Thursday, June 21, 2007

English-only workplaces spark lawsuits

"White Americans, what?

Nothing better to do?

Why don't you kick yourself out?

You're an immigrant too!"

-- Jack White, Icky Thump (2007).

Immigration reform continues to be a hot button issue, and a recent rash of lawsuits continues to fuel the debate over whether an “English-only” rule constitutes national origin discrimination. The EEOC’s position is that a “rule requiring employees to speak only English at all times in the workplace is a burdensome term and condition of employment” and presumptively “violates Title VII.” 29 C.F.R. § 1606.7(a). According to the EEOC, an “employer may have a rule requiring that employees speak only in English at certain times where the employer can show that the rule is justified by business necessity.” 29 C.F.R. § 1606.7(b). The majority of federal courts, however, have shown some tolerance of “English-only” rules. Generally, Courts will uphold an English-only rule if the employer can show a legitimate business justification for the requirement.
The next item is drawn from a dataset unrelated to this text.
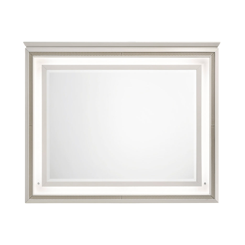 Add a touch of Hollywood glamour to your bedroom with this stunning white and gold dresser mirror. Featuring integrated LED lighting, this mirror provides both functional illumination and a sophisticated ambiance. The chic two-tone finish in white and gold complements a variety of décor styles, adding a touch of modern elegance to your space. Designed to perfectly complement your dresser, this mirror enhances the visual appeal of your bedroom while creating a brighter and more inviting atmosphere.

Examples of legitimate business justifications that have been found to justify an English-only requirement are:
  • Stemming hostility among employees.
  • Fostering politeness to customers.
  • Promoting communication with customers, coworkers, or supervisors who only speak English.
  • Enabling employees to speak a common language to promote safety or enable cooperative work assignments.
  • Facilitating a supervisor’s ability monitor the performance of an employee.
  • Furthering interpersonal relations among employees.
Employers should be careful, however, to limit the reach of an English-only requirement only as far as it necessary to reach the articulated business rationale for the policy. For example, English-only requirements have been struck down as discriminatory where the policy included lunch hours, breaks, and even private telephone conversations. You should consult with employment counsel before implementing any English-language requirements in your workplace to ensure that the policy is not discriminatory as written or as applied.